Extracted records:
# # #
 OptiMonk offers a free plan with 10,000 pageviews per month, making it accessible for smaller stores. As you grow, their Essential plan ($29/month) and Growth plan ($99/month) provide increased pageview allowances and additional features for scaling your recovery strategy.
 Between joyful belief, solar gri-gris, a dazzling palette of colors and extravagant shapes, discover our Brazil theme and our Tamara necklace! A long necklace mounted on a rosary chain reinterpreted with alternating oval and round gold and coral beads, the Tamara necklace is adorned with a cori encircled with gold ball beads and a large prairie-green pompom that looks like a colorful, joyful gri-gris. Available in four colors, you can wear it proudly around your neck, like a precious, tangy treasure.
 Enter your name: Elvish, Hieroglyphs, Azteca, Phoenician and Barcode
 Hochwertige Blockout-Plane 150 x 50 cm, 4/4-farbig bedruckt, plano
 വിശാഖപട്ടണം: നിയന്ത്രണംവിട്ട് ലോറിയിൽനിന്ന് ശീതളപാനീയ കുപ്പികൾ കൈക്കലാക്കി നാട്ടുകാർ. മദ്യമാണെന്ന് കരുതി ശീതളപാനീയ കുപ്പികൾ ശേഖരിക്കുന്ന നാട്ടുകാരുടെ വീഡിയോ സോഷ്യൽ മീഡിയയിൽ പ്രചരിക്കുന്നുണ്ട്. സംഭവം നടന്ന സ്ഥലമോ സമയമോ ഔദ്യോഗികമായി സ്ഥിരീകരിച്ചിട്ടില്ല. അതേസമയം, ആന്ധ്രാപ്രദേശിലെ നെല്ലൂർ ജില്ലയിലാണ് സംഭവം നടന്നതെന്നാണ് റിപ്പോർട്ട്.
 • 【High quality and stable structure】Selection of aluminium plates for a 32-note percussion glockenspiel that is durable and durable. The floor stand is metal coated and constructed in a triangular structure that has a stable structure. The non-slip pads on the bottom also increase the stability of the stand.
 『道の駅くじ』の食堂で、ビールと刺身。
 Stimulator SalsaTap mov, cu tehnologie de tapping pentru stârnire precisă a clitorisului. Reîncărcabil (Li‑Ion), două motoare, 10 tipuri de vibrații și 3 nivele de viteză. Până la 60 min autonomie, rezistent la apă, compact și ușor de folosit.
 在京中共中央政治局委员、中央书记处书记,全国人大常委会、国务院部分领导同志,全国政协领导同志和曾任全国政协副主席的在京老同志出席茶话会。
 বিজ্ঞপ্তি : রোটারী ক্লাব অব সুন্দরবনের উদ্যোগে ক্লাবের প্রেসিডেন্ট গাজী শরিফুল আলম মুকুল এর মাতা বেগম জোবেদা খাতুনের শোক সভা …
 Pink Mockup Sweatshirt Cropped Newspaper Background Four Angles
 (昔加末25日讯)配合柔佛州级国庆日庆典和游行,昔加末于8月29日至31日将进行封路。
# # #
| What you have to do |
Each entry is to be output exactly as it was written.

| Answer for the task |
 OptiMonk offers a free plan with 10,000 pageviews per month, making it accessible for smaller stores. As you grow, their Essential plan ($29/month) and Growth plan ($99/month) provide increased pageview allowances and additional features for scaling your recovery strategy.
 Between joyful belief, solar gri-gris, a dazzling palette of colors and extravagant shapes, discover our Brazil theme and our Tamara necklace! A long necklace mounted on a rosary chain reinterpreted with alternating oval and round gold and coral beads, the Tamara necklace is adorned with a cori encircled with gold ball beads and a large prairie-green pompom that looks like a colorful, joyful gri-gris. Available in four colors, you can wear it proudly around your neck, like a precious, tangy treasure.
 Enter your name: Elvish, Hieroglyphs, Azteca, Phoenician and Barcode
 Hochwertige Blockout-Plane 150 x 50 cm, 4/4-farbig bedruckt, plano
 വിശാഖപട്ടണം: നിയന്ത്രണംവിട്ട് ലോറിയിൽനിന്ന് ശീതളപാനീയ കുപ്പികൾ കൈക്കലാക്കി നാട്ടുകാർ. മദ്യമാണെന്ന് കരുതി ശീതളപാനീയ കുപ്പികൾ ശേഖരിക്കുന്ന നാട്ടുകാരുടെ വീഡിയോ സോഷ്യൽ മീഡിയയിൽ പ്രചരിക്കുന്നുണ്ട്. സംഭവം നടന്ന സ്ഥലമോ സമയമോ ഔദ്യോഗികമായി സ്ഥിരീകരിച്ചിട്ടില്ല. അതേസമയം, ആന്ധ്രാപ്രദേശിലെ നെല്ലൂർ ജില്ലയിലാണ് സംഭവം നടന്നതെന്നാണ് റിപ്പോർട്ട്.
 • 【High quality and stable structure】Selection of aluminium plates for a 32-note percussion glockenspiel that is durable and durable. The floor stand is metal coated and constructed in a triangular structure that has a stable structure. The non-slip pads on the bottom also increase the stability of the stand.
 『道の駅くじ』の食堂で、ビールと刺身。
 Stimulator SalsaTap mov, cu tehnologie de tapping pentru stârnire precisă a clitorisului. Reîncărcabil (Li‑Ion), două motoare, 10 tipuri de vibrații și 3 nivele de viteză. Până la 60 min autonomie, rezistent la apă, compact și ușor de folosit.
 在京中共中央政治局委员、中央书记处书记,全国人大常委会、国务院部分领导同志,全国政协领导同志和曾任全国政协副主席的在京老同志出席茶话会。
 বিজ্ঞপ্তি : রোটারী ক্লাব অব সুন্দরবনের উদ্যোগে ক্লাবের প্রেসিডেন্ট গাজী শরিফুল আলম মুকুল এর মাতা বেগম জোবেদা খাতুনের শোক সভা …
 Pink Mockup Sweatshirt Cropped Newspaper Background Four Angles
 (昔加末25日讯)配合柔佛州级国庆日庆典和游行,昔加末于8月29日至31日将进行封路。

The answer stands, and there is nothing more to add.